None of this information about meeting hostility with love and kindness was news to me, but it did clarify and remind me how much I need to keep this powerful tool in the forefront of my mind. It’s a hard thing to do and something that doesn’t come naturally to most of the human race and is, I believe, a root cause of so many problems and conflicts. I fail at this constantly. Someone says something rude, mean, attacking or whatever, and your chemicals surge and you start plotting how to verbally eviscerate them, shame them, and belittle them into submission. Which of course, pretty much never works and only serves to solidify them in their hostile and opposing position. There is endless evidence in the world, in history and in my own experience and that of others that this “flipping the script” concept works and is powerful (of course, nothing is 100% or black and white) and yet we still don’t embrace it. We give in to our most primitive animal instincts to lash out.
Since this podcast, I’ve been on high alert, really paying attention to these interactions and have caught myself getting caught up in these situations many times. Luckily for me and my highly privileged life, all pretty minor and petty examples (mostly, but not entirely). And I’ve seen that when I can “flip the script,” it changes everything. When I can manage to be kind, calm, generous, forgiving and extend a hand trying to understand, things immediately take a turn. There was actually a fairly volatile social media “discussion” (I use the quotes because on social media, it’s rarely a discussion as much as two sides yelling, attacking, unfollowing and blocking each other), where after a lot of dicey and tense discussion, I did actually manage to reach one person. One person who actually eventually saw what I was saying and admitted that they needed to really consider the other side because they might have been wrong all this time in their hateful beliefs.
I’ve seen it in trivial interactions between Pokemon GO players and haters. “This game is dumb and you people who play it are dumb!” Most people’s first instinct is to lash back with barbs and insults, but in the instances where someone has instead tried to be cool and explain why they like it and think it’s cool and the benefits of it, etcetera, some people have at least stopped being ass-hats about it while others have actually decided they wanted to download and try it.

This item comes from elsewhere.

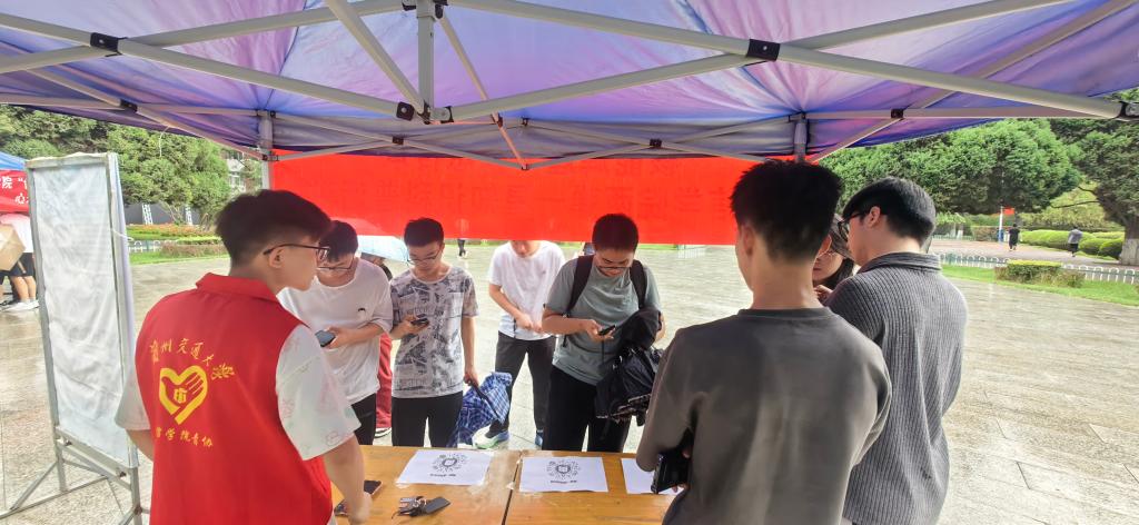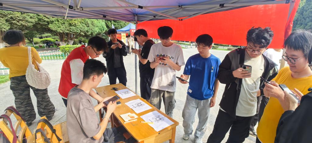 活动于下午14:00准时开始。路过的同学被活动现场精美的海报和志愿者们的热情所吸引,纷纷驻足,积极参与。现场的工作人员井然有序地引导前来参加的同学通过微信扫码线上答题的方式,重温了“两弹一星”的历史背景、科学家们的艰辛奋斗故事以及这一伟大成就对国家和民族的深远影响。活动现场气氛热烈,参与者们纷纷表示,通过这次答题活动,他们对“两弹一星”有了更全面的认识,对科学家们的奉献精神有了更深的体会。随着活动的圆满结束,同学们带着满满的收获和对未来的憧憬,畅想着自己和祖国更加美好的明天。

I recently had a band gig with a very surly jerk of a sound engineer. It threw my whole night off. I could just let go and have fun at the gig and my playing suffered for it. I was just so in my head about what a judgmental, know-it-all jerk this guy was. He had a huge bias against digital gear (which is all I use and am a huge fan of, and I’m no inexperienced newbie). There was a hum which he insisted had to be my gear, despite several facts that easily proved this could not be the case but there was no talking to him because he knows everything and his sound system is worthy of world class touring acts and he knows all there is to know about everything. At the end of the night, I was still irked but I stopped and took and breath and approached the guy and said “Hey man, I’m sorry if I seemed like a dick. I’m not trying to be a dick and I do appreciate your feedback, knowledge and opinions,” and started a dialogue with him. Immediately, the entire tone shifted and while it wasn’t a 180 degree shift where we walked away best buddies or anything, it was a huge difference and diffusion and suddenly he seemed at least open to discussion as opposed to a brick wall with no flexibility or room for discussion.
Again, “flipping the script” is not easy. In fact, it’s very difficult, at least for me. But I’m hoping it’s like a muscle that can be trained and strengthened, because I have no doubts in its effectiveness even if I suck at it. At least I’m aware of it and always trying to have that awareness and vigilant eye on my interactions. I hope you will too. If more people would, I think it could change the world. And that’s not hyperbole.